At least one explosion!

Like your stories with lots of action?

Then check out this list of books, available in the library, that feature at least one explosion.

Hover Car Racer by Matthew Reilly

Meet Jason Chaser, hover car racer. He’s won himself a place at the International Race School, where racers either make it on to the Pro Circuit – or they crash and burn.

But he’s an outsider. He’s younger than the other racers. His car, the Argonaut, is older. And on top of that, someone doesn’t want him to succeed at the School and will do anything to stop him.

Now Jason Chaser isn’t just fighting for his place on the starting line, he’s racing for his life.

The Martian by Andy Weir

Six days ago, astronaut Mark Watney became one of the first people to walk on Mars.

Now, he’s sure he’ll be the first person to die there.

After a dust storm nearly kills him and forces his crew to evacuate while thinking him dead, Mark finds himself stranded and completely alone with no way to even signal Earth that he’s alive—and even if he could get word out, his supplies would be gone long before a rescue could arrive.
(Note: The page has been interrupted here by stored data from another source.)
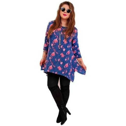Tunique Bleu à fleurs Taille PLUS, Magnifique tunique pull à motif floral, coupe ample qui affine la silhouette, , manches 2/3 et encolure arrondie, , le bas de la tunique a des coins asymétriques et allongés,, Matière: 65% coton, 35% polyester, , , ,
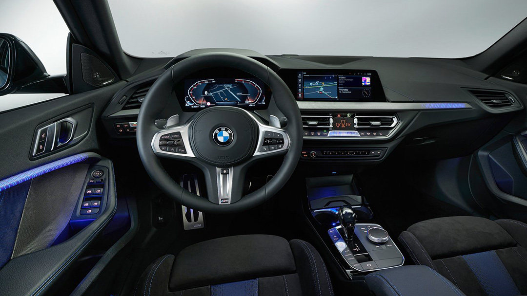 如果说外观是一种“明骚”,那么内饰就是“闷骚”了,它采用了1系上那种简约典雅风格内饰,整体上耐看但始终是中规中矩,让人挑不出缺点也让人称不上惊艳。但细细感受后,你还是能感受到它来自于材料做工上的惊艳,例如是车上各个身体触及部分均采用了软质材料(皮质、Alcantara),并且是以蓝色缝线作为点缀,另外还有水晶质感的电子挡把。
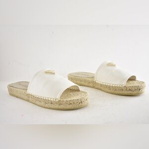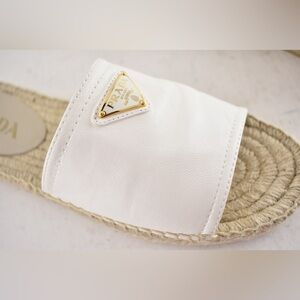 Prada Gold Triangle Logo Avorio White Leather Espadrille Slide Sandal Flat 37
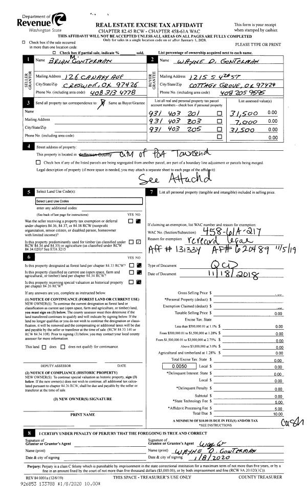 | 4 | 05/23/2006 | SWD | Statutory Warranty Deed | PORT HADLOCK/K S C LLC A | BOEKHOFF, MICHAEL D/CINDY D | | | $95,000.00 | 106747 | 0 |
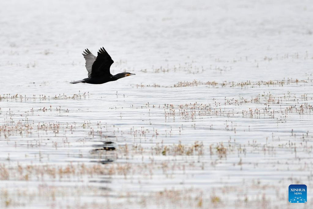 A cormorant flies over the Gahai Lake wetland in Luqu County of the Tibetan Autonomous Prefecture of Gannan, northwest China's Gansu Province, July 7, 2023. (Xinhua/Chen Bin)
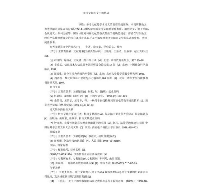 2、参考文献格式: (1)在前面加上序号,就是你引用的第几个文献,格式是:[数字],注意[]是英文状态下的。 (2)然后书写主要作者,如果是国际/国家标准的话,要书写标准代号。 (3)之后要打上一个点,注意不要打成句号了。 (4)接着写的是你所参考文献的文献名。 (5)之后写上你文献的类型,格式是:[类型] 。 (6)之后打上点,写上出版地方:出版社,出版日期。 (7)之后需要写上你参考文献的起止页码,在出版日期后写上:开始页-结束页,最后还要打上一个点作为结束。
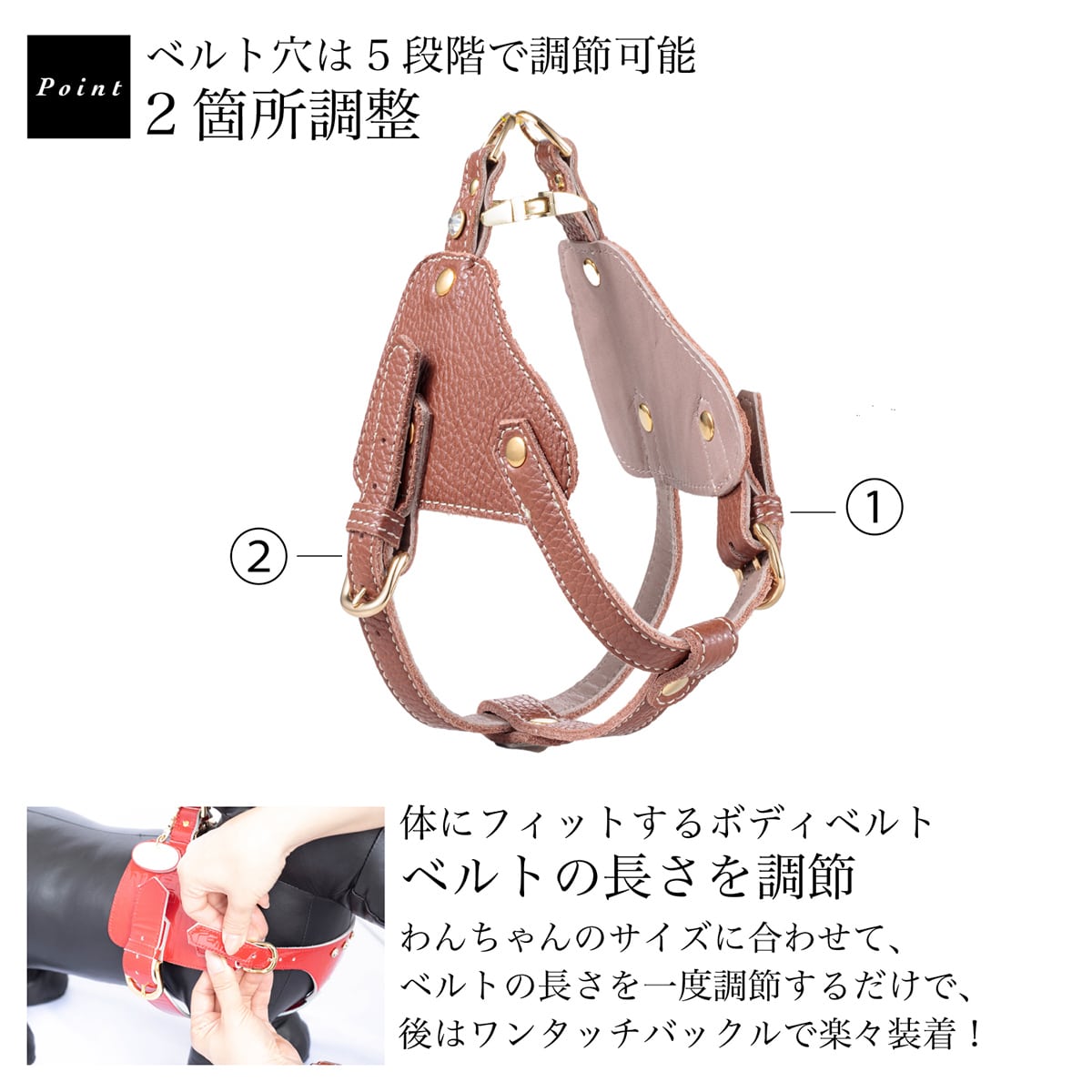 ・脚力が強いため “動き回る” “飛び跳ねる”ベルトの太さや本体部分が負担にならないが、ホールドするデザイン。

Chances are, though, he won’t have time to starve to death. The damaged machinery, unforgiving environment, or plain-old “human error” are much more likely to kill him first.

But Mark isn’t ready to give up yet. Drawing on his ingenuity, his engineering skills — and a relentless, dogged refusal to quit — he steadfastly confronts one seemingly insurmountable obstacle after the next. Will his resourcefulness be enough to overcome the impossible odds against him?

Found by Fleur Ferris

What happens when someone else’s past catches up with you? 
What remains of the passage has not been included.